# TO DO
Print a faithful copy of the data below, word for word, with the pictures left out.

# SUPPLIED DATA
- Opening Delimiter -

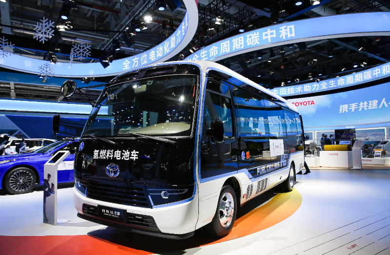 (资料图片)在2021年第四届进博会汽车展区拍摄的丰田氢燃料电池车。 新华社发(郝昭 摄)
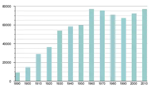 Динамика населения согласно переписи населения США с 1890 года[2].
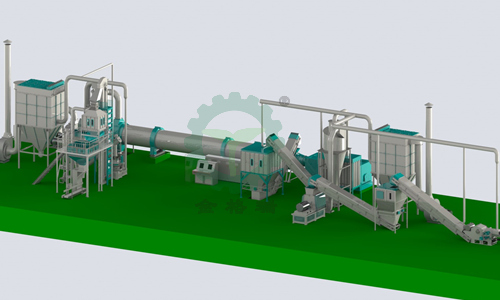 原料水分在30%-40%之间,需配备滚筒烘干机,时产1-2t木材颗粒的烘干筒尺寸为1.2m*12m

- Closing Delimiter -

# REPLY
 (资料图片)在2021年第四届进博会汽车展区拍摄的丰田氢燃料电池车。 新华社发(郝昭 摄)
 Динамика населения согласно переписи населения США с 1890 года[2].
 原料水分在30%-40%之间,需配备滚筒烘干机,时产1-2t木材颗粒的烘干筒尺寸为1.2m*12m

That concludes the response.